Laber et al. [58] developed a Bayesian online estimation method to determine optimal treatment allocation strategies for control of white-nose syndrome in bats, a usually fatal disease caused by a fungus. The possible interference structure is described by a network where the nodes are counties in the USA. Interference and spillover effects are governed by a model describing the probability of spatial spread of white-nose syndrome between counties.

Conclusions

One hundred years after publication of Ross’ paper on dependent happenings, research on estimating treatment effects in the presence of interference is burgeoning. One current trend is to develop methods in the presence of general interference. These methods often involve using concepts from network theory. Applications motivating this work include social media, economics, and infectious diseases.

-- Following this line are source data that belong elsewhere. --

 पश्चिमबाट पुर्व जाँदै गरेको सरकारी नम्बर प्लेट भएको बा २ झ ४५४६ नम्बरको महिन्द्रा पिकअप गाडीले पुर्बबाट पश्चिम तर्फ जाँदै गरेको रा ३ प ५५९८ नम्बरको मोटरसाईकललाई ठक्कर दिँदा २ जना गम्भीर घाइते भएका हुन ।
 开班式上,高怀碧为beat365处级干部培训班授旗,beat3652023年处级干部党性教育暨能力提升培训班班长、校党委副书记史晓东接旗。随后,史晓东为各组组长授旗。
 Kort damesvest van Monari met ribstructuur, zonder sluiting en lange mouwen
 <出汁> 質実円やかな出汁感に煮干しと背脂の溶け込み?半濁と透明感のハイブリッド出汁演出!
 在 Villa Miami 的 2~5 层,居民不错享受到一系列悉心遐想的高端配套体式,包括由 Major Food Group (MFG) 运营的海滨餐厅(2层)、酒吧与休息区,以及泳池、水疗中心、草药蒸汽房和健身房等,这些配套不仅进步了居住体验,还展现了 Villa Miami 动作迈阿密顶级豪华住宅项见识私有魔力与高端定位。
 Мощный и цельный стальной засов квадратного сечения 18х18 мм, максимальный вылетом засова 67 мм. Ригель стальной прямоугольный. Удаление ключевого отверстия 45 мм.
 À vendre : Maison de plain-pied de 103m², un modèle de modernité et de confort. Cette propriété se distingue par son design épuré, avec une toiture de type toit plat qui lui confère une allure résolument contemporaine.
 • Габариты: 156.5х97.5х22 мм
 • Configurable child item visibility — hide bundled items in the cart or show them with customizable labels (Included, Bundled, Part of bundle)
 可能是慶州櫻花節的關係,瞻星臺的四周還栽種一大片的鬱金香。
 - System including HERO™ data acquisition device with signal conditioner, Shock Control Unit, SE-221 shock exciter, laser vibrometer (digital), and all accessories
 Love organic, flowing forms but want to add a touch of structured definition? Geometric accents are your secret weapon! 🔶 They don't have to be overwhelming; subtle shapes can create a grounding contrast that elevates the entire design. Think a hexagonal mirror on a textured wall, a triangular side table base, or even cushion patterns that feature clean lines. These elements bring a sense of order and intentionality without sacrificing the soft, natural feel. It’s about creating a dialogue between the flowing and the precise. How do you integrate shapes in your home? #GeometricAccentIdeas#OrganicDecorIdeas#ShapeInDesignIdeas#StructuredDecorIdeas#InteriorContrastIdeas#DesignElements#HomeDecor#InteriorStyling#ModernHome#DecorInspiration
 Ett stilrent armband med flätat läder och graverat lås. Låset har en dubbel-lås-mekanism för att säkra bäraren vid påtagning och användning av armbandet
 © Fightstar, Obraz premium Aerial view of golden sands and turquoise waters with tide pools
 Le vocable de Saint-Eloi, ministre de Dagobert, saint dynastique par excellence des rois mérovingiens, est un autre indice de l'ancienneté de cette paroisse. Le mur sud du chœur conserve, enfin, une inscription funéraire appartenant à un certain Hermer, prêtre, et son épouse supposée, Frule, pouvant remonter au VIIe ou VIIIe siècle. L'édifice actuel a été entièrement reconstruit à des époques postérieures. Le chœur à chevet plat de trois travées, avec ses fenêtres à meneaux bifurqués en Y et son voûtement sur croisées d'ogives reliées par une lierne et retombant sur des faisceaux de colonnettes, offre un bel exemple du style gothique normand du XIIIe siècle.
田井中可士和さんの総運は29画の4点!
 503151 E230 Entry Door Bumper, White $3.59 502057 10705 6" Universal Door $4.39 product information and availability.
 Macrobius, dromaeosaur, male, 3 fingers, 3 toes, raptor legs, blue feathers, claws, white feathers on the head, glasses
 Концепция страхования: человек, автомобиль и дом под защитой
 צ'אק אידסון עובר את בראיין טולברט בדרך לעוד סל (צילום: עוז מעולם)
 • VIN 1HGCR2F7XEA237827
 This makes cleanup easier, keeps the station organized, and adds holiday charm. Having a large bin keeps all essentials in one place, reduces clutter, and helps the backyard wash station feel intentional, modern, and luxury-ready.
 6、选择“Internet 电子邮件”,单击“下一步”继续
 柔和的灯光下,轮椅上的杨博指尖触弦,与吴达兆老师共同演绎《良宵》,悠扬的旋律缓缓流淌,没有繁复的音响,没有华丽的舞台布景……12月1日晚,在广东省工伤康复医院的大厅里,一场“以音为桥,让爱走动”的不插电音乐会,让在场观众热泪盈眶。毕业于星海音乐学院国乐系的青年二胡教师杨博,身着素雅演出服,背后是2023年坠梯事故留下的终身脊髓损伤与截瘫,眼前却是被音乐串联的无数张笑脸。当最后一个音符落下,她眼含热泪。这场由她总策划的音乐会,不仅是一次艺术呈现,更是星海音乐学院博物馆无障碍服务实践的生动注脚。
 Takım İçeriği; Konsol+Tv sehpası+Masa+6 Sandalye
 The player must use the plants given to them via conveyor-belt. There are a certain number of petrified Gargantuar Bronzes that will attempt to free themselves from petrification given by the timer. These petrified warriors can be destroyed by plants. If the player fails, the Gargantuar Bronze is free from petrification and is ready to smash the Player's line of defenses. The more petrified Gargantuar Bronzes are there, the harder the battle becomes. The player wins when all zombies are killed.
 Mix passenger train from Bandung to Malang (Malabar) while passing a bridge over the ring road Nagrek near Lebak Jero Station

Future studies to evaluate causal effects under interference may continue to rely on cluster-randomization with the accompanying assumption of partial interference. But increasingly information on how people travel between clusters will be collected and analyzed to better understand contamination across clusters. Methods are needed that incorporate such information into both the causal estimands of interest and methods for inference. In the infectious disease context, genomic data is increasingly being gathered on the pathogen sequences. Phylogenetic information could also contribute to understanding the network structure of contacts and transmission. Much research remains to be done in developing methods for causal inference in the presence of interference.